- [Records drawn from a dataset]
+++++

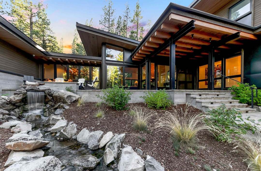 A stunning mountain-modern patio with soaring timber-beam pergola, floor-to-ceiling black-frame glazing, and seamless indoor-outdoor integration. The space features a cascading water feature, naturalistic landscaping with ornamental grasses, and warm mixed materials (wood, concrete, stone) creating a serene yet sophisticated high-altitude retreat.
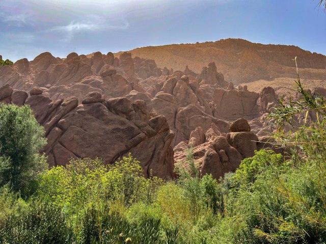 After all this hiking a lunch is in order.  The owner of the store across the street and the lunch spot is know for her kefta – basically meatballs.  Today ground chicken was used and it was delicious in a very scenic setting.  Even here, we had Moroccan tea (as you can see the little tea pot).
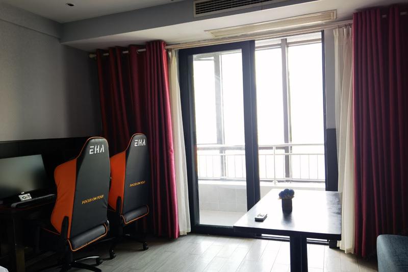 酒店位于武昌区积玉桥和平大道绿地财富中心水岸国际瞰江公寓16楼, 酒店是武汉一家以电竞元素加客房住宿为一体的新型住宿模式下的酒店,既有高端的成套电脑设备,又有清新的独立空间,E+电竞酒店的配置都是个个拔尖的设备。处理器:i5 7400,显卡:技嘉/华硕1060 5G,内存16G。血手顶配鼠标键盘耳机搭配32寸曲面144HZ电竞显示屏,全场傲风电竞椅,多种房间种类可以选择。情侣上分间,好基友双排间,电灯泡三人间,吃鸡四黑间,英雄联盟五黑间,守望先锋六黑间。
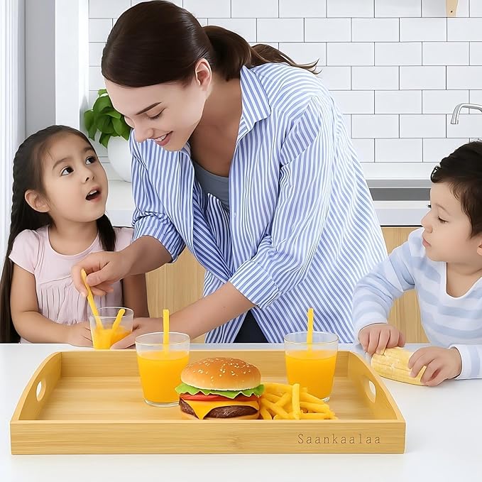 - Stylish & Versatile Design: This high quality bamboo tray set is well crafted, simple but with modern looking, light but sturdy. The gently curved tops of the end pieces add a touch of elegance. Large size 17" x 13" x 1.5", fantastic as wooden trays for serving food, tray for coffee table, or decorative piecesâevery detail is crafted for your comfort and joy.
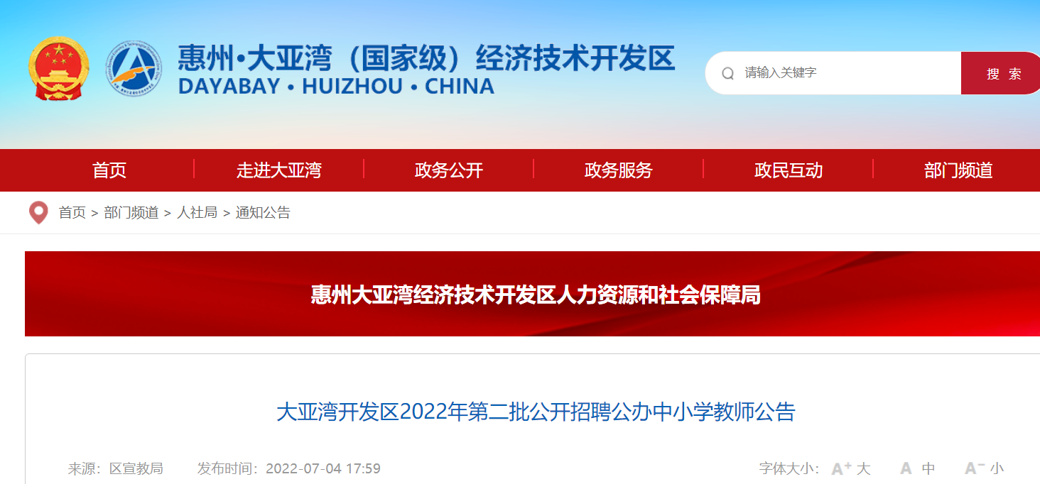 2022廣東惠州大亞灣開發(fā)區(qū)第二批招聘公辦中小學教師670人,報名時間:2022年7月18日—20日,現(xiàn)將招聘公告原文發(fā)布如下:
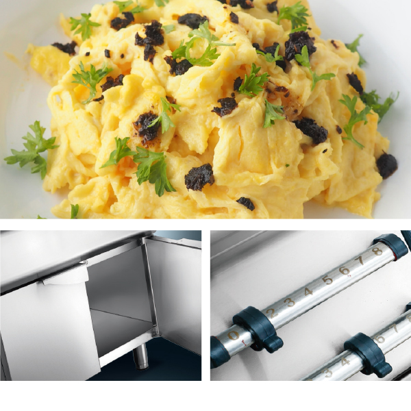 Thanks to seamless wielding craftsmanship, cookers can withstand water being poured to the cooktops or control panels. The display and the sliding switch are completely waterproof with an IPX8 rating, making cleaning of equipment much more easier.

+++++

- [Required action] Would you copy out, exactly and with no pictures, only the lines above from the one that contains "- Stylish &" through the one that contains "2022廣東惠州大亞灣開發(fā)區(q"?

- [Answer box]
 - Stylish & Versatile Design: This high quality bamboo tray set is well crafted, simple but with modern looking, light but sturdy. The gently curved tops of the end pieces add a touch of elegance. Large size 17" x 13" x 1.5", fantastic as wooden trays for serving food, tray for coffee table, or decorative piecesâevery detail is crafted for your comfort and joy.
 2022廣東惠州大亞灣開發(fā)區(qū)第二批招聘公辦中小學教師670人,報名時間:2022年7月18日—20日,現(xiàn)將招聘公告原文發(fā)布如下:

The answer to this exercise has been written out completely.